The automobile industry in India is a vast business. Under the previous taxing regime there were several taxes applicable like excise, VAT, sales tax, road tax, registration duty, etc. Under GST, the tax burden on the end consumer has reduced. The importers and dealers are now eligible to claim GST paid on goods imported or sold which was not possible previously. GST also helps the manufacturers in procuring auto parts at the cheaper cost with the help of improved supply chain operations.

The stock impact has been expected to be positive for companies like Maruti Suzuki, MotoCorp, Excide, Mahindra & Mahindra. UTI Transportation and Logistics Fund is a sector fund that invests heavily in this sector. Many large cap funds also heavily invest in companies belonging to this sector.

Logistics

The logistics sector comprises of the road transport sector, storage and warehousing and third-party logistics. The logistics sector has been traditionally involved with a lot of problems. These include complicated networks, high coordination costs, inefficient supply chains, deficient infrastructure, entry taxes, etc. A large number of taxes made the logistics process cumbersome and costly. GST, however, has replaced the multiple state VATs and the need to have a hub in all states. This has helped firms redesign supply chains and centralize hub operations and take advantage of economies of scale. GST has helped in the smoothening of the inter-state trade process.

Stock impact has positive expectations from companies including Container Corporation of Inda, Adani SEZ, and long-term positive impact on Gujarat Pipav Port.

FMCG

FMCG is the fourth largest sector in the Indian economy. There are some cases where the tax rates under GST are higher than the present rates, while lower in other cases. GST impacts the FMCG sector by readjusting tax brackets and reducing distribution costs. Some companies have gained while others have lost due to changes in the tax regime.

The stock impact is expected to be positive for Hindustan Unilever, Emami, Godrej Consumer and negative for Titan, Bata and ITC. ICICI Prudential FMCG is a sector fund that invests in this sector.

Consumer Durables

Consumer durables are now being taxed at 28% which is slightly higher than the previous tax regime. Market analysts do not see any significant impact on the margins of consumer durable companies after the change in taxation regime.

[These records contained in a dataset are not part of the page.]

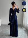 Elenzga 女式法式休闲宽松天鹅绒奢华时尚长袖金属纽扣装饰 T 恤和时尚阔腿裤 2 件套,适合日常穿着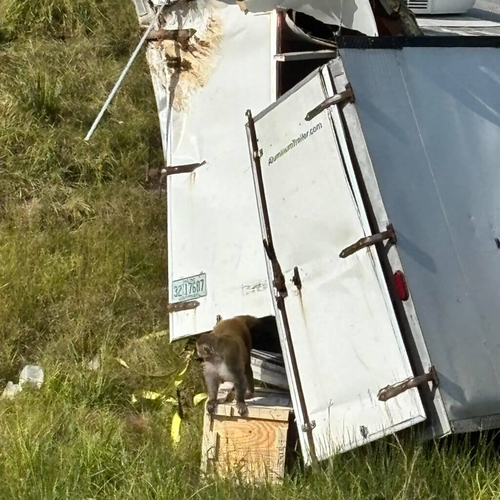 Heidelberg, Miss. (Jasper County Sheriff’s Dept.) — Authorities are urging caution after a truck transporting monkeys to a testing facility in Florida overturned near the 117-mile marker north of Heidelberg, releasing several animals into the area.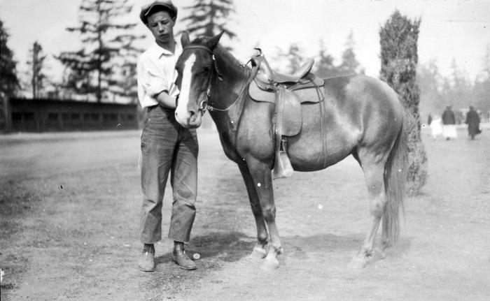 Boy with pony at Woodland Park Zoo, circa 1920s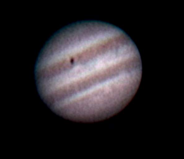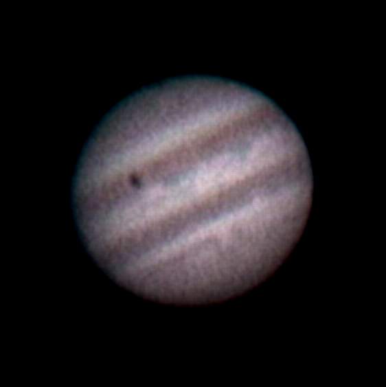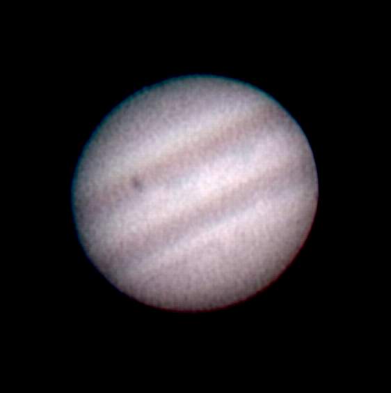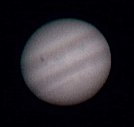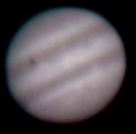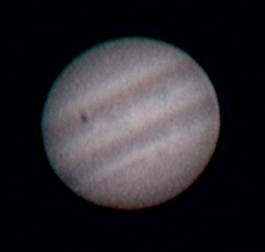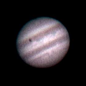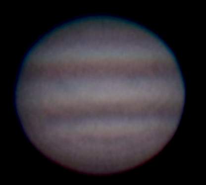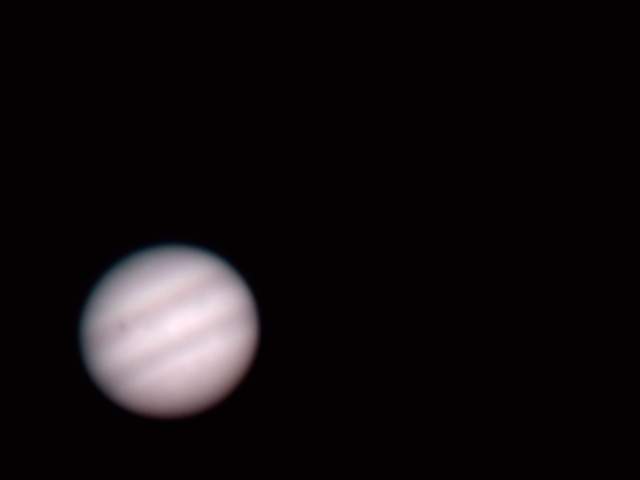 Kolejne zjęcia wykonałem w nocy z 28 na 29 maja. Warunki obserwacji były średnie, temperatura ponad 20 stopni, silne falowanie powietrza znad sąsiednich budynków i tradycyjnie zaświetlenie nieba przez reflektory oświetlające pobliski koścół.Zdjęcia wykonane za pomocą teleskopu Synta 200/1200 z soczewką barlowa x4 (wypadkowa ogniskowa 4.8m) na platformie paralaktycznej ze sterowaniem w obu osiach (sterowanie używane wyłącznie do korekty położenia teleskopu) oraz kamery Vesta przebudowanej na długie ekspozycje. Materiał złożony jest z ok. 40 klatek w każdym przypadku. Zdjęcia Jowisza zrobione są w mało korzystnym położeniu planety (ok. 25 stopni nad horyzontem). Wykonując zdjęcia planety uczyłem się też obróbki uzyskanego materiału w programie K3CCD. Pierwsze zdjęcie pokazuje Jowisza po pierwszych próbach opracowania materiału gdzieJowisz ma rozmiar naturalny wynikający wprost z naświetlania, drugie zdjęcie to Jowisz udoskonalony w procesie nauki obróbki pozyskanego materiału i powiększony 2 krotnie. Wyraźnie widoczny cień jednego z księżycy Jowisza na jego tarczy. Po drodze były kolejne zdjęcia : zdjęcie_2, zdjęcie_3, zdjęcie_4, zdjęcie_5, zdjęcie_6, zdjęcie nr 7. |
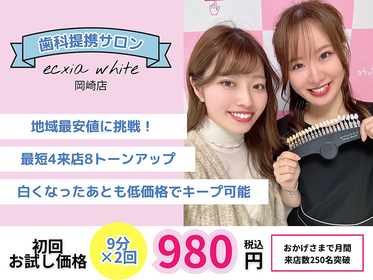 無理な勧誘は一切ナシ!!終わりのある結果重視の脱毛なので理想のツルスベBODYが叶う☆嬉しい都度払いOK&メンズも大歓迎!!駐車場完備×好立地で通いやすさ◎岡崎はもちろん西尾や安城、幸田からも通いやすい立地◇セルフホワイトニングは三河エリア最安クラスの¥2200~/辛いお疲れも改善しながら美しいお身体へ導きます

The stock impact has positive expectations from Voltas, Havells, Crompton Greaves.

Real Estate

The GST rate on under construction projects remains 12% only. The impact of GST on the real estate sector is limited to cost structure and input credit available.

Stocks of companies like Sobha, Brigade Enterprises, Oberoi Reality and Sunteck have positive expectations from GST implementation. HDFC mutual fund has launched an NFO for a close-ended fund HDFC Housing Opportunities Fund. This fund aims to invest in the real estate sector.

Airlines

Travelling in business class is now expensive since the tax rates have been increase to 12% from 9%. However, GST on economy class has been reduced by 1% to 5%. Aviation fuel is not under the purview of GST and therefore, indirect tax needs to be paid on the same. The airline industry now has to pay both the type of taxes, GST and indirect tax. Tax input credit is available only for economy class.

Lower tax rate on economy travel seems to be a positive for companies like InterGlobe Aviation, Jet Airways and SpiceJet.

What is Dual GST?

Most countries have a single unified tax system which means that a single tax will be applicable all around the country. However, in many countries, like Canada, Brazil, and now India, exists the concept of dual GST where tax is charged by both, Central and State government.

What is CGST, SGST, and IGST?

When the location of the supplier and the end consumer is in the same state, both CGST and SGCT are applied. While in case the two are in different states, IGST is applicable.

  • Central Goods and Services Tax- CGST is a tax levied on intrastate supplies of goods and services by the central government and is governed by the CGST Act.
  • State Goods and Services Tax- SGST is a tax levied on intrastate supplies of goods and services and is governed by SGST Act.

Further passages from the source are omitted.